1. GitLab Geo requires exact version match — apt-mark hold both sides

Geo refuses to run when primary and secondary disagree on patch version. Not just minor — patch. So 18.9.1-ee.018.9.2-ee.0 and the secondary won't catch up.

Two consequences:

  1. Pin both sides immediately after the install:

    sudo apt-mark hold gitlab-ee
    

    Otherwise the next routine apt upgrade drifts you out of sync silently and your replicas stop.

  2. The pinned version might already be gone from the current apt index. I needed 18.9.1-ee.0 for the secondary, but the repo only had 18.9.2 through 18.9.7. The .deb is still in pkgcloud's storage backend though, and you can pull it directly:

    https://packages.gitlab.com/gitlab/gitlab-ee/packages/ubuntu/<dist>/gitlab-ee_<VER>-ee.0_amd64.deb/download.deb
    

    dpkg -i works on it, then apt-mark hold to stop apt from "fixing" your install.

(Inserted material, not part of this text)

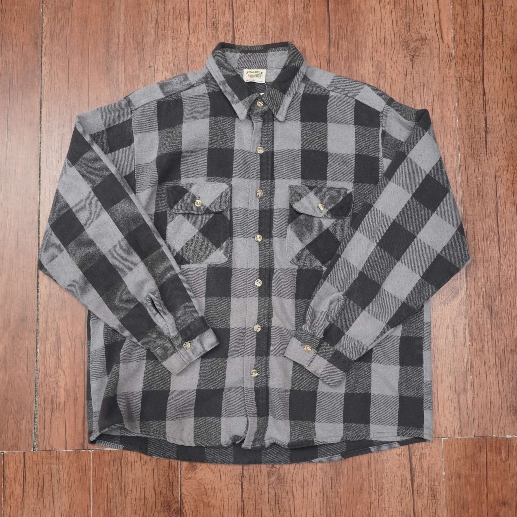 five brother ヘビー ネルシャツ XL/90s 黒 グレー ファイブブラザー usa製

TL;DR: hold the package on both sides, and remember pkgcloud's pool URLs when you need an older patch.


2. The external_url lock-in I avoided by issuing multi-SAN certs first

The long-term goal is a floating canonical name (gitlab.example.com) that CNAMEs to whichever site is currently primary (gitlab1.example.com or gitlab2.example.com). For the TLS not to break the instant a CNAME flips, both sides need a cert that already covers both names.

So when I issued the secondary's cert, I asked for both SANs up front:

acme.sh --issue --dns dns_dgon \
  -d gitlab2.example.com -d gitlab.example.com \
  --keylength ec-256 \
  --server letsencrypt \
  --dnssleep 60

acme.sh handles DNS-01 validation against both names automatically. Critically, the canonical name being a CNAME doesn't break this — the CA looks for _acme-challenge.gitlab.example.com directly, which lives at a sibling name, not at the CNAME target.

When I later promoted the secondary and CNAMEd gitlab.example.com over to it, no TLS warnings. Same trick applied in reverse: I re-issued the original primary's cert with multi-SAN before flipping its external_url.

TL;DR: if you have a CNAME flip in your future, issue both names on the cert now, not later.


3. postgresql['listen_address'] = '0.0.0.0' silently flips Rails to TCP

To allow the secondary to connect for streaming replication, the primary needs PostgreSQL listening on a public interface, not just the Unix socket. So I set:

postgresql['listen_address'] = '0.0.0.0'
postgresql['md5_auth_cidr_addresses'] = ['<secondary-ip>/32']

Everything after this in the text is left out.